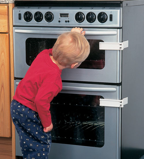- Serrure de sécurité pour le four. Fabriqué en plastique résistant à la chaleur, se compose de 2 parties: l'une est fixée à la paroi latérale du poêle, l'autre à la porte du four. (Clippasafe (environ 310 roubles));
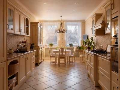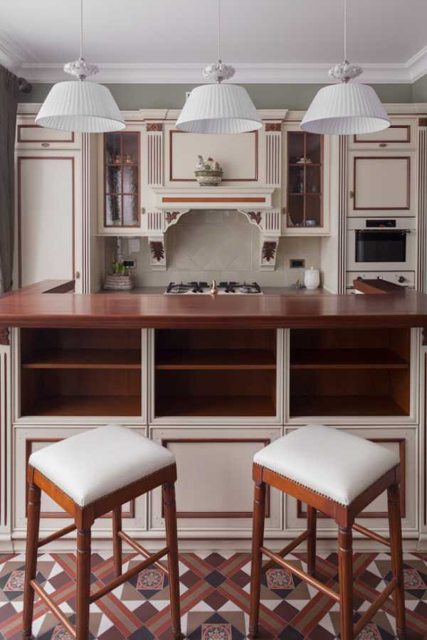 Плитка на кухне в классическом стиле обязательно должна сочетаться по цвету с мебельным гарнитуром — это придаст атмосфере солидности, строгости и вместе с тем уюта.
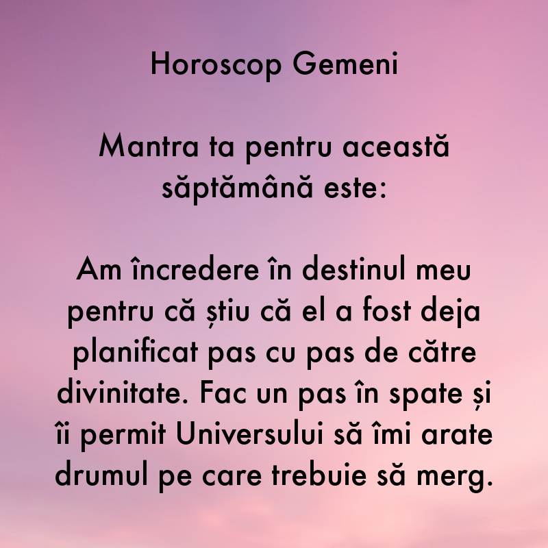 Mantra ta pentru această săptămână este: Am încredere în destinul meu pentru că știu că el a fost deja planificat pas cu pas de către divinitate. Fac un pas în spate și îi permit Universului să îmi arate drumul pe care trebuie să merg.
● ● ● ●
• Exercise
What belongs in the answer is each line above, reproduced exactly, and no picture.

• Your response
- Serrure de sécurité pour le four. Fabriqué en plastique résistant à la chaleur, se compose de 2 parties: l'une est fixée à la paroi latérale du poêle, l'autre à la porte du four. (Clippasafe (environ 310 roubles));
 Плитка на кухне в классическом стиле обязательно должна сочетаться по цвету с мебельным гарнитуром — это придаст атмосфере солидности, строгости и вместе с тем уюта.
 Mantra ta pentru această săptămână este: Am încredere în destinul meu pentru că știu că el a fost deja planificat pas cu pas de către divinitate. Fac un pas în spate și îi permit Universului să îmi arate drumul pe care trebuie să merg.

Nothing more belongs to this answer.